● What to produce: Write out, please, each line from the one containing "Nahrung von Dr" to the final line of the data, both included, exactly and without pictures.

● Stored data:
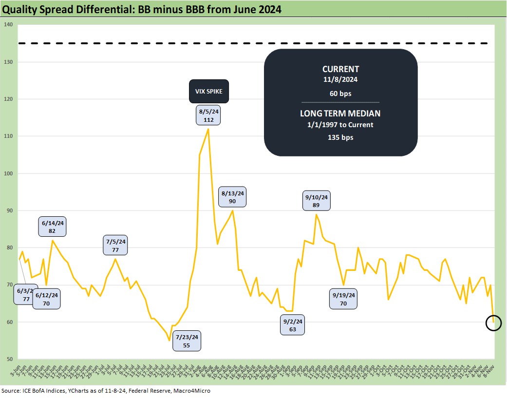 The “BB OAS minus BBB OAS” differential shows that the middle tier quality spread differential is -8 bps lower on the week to +60 bps vs. the long-term median of +135 bps.
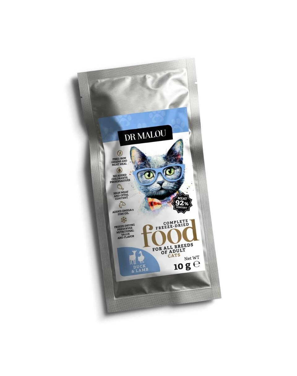 Nahrung von Dr Malou ist nicht nur gesund – es ist auch eine tägliche Portion Spaß und Aktivität für Ihre Katze! Die Gefriertrocknung sorgt für den Erhalt wertvoller Nährstoffe, und die reichhaltige Zusammensetzung unterstützt die volle Kraft und Immunität.
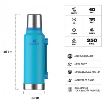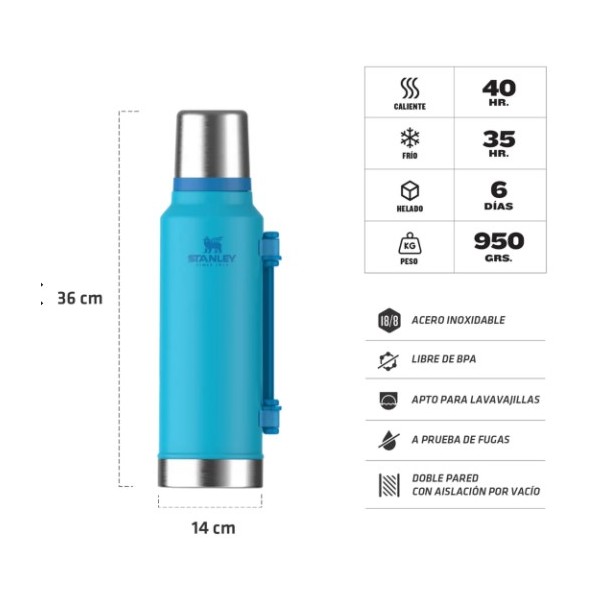 La palabra que viene a la mente es "icónico": diseño elegante, construcción robusta y una actitud indescriptible. Totalmente a prueba de fugas y capaz de mantener las bebidas calientes durante 40 horas, frías durante 45 horas o con hielo durante 6 días. Con el termo Stanley nunca tendrás que preocuparte de que el agua se enfríe o que tu bebida se caliente. Gracias a su pared externa de acero grueso obtendrás un rendimiento térmico que te durará a través de los años.

● Result of this task:
 Nahrung von Dr Malou ist nicht nur gesund – es ist auch eine tägliche Portion Spaß und Aktivität für Ihre Katze! Die Gefriertrocknung sorgt für den Erhalt wertvoller Nährstoffe, und die reichhaltige Zusammensetzung unterstützt die volle Kraft und Immunität.
 La palabra que viene a la mente es "icónico": diseño elegante, construcción robusta y una actitud indescriptible. Totalmente a prueba de fugas y capaz de mantener las bebidas calientes durante 40 horas, frías durante 45 horas o con hielo durante 6 días. Con el termo Stanley nunca tendrás que preocuparte de que el agua se enfríe o que tu bebida se caliente. Gracias a su pared externa de acero grueso obtendrás un rendimiento térmico que te durará a través de los años.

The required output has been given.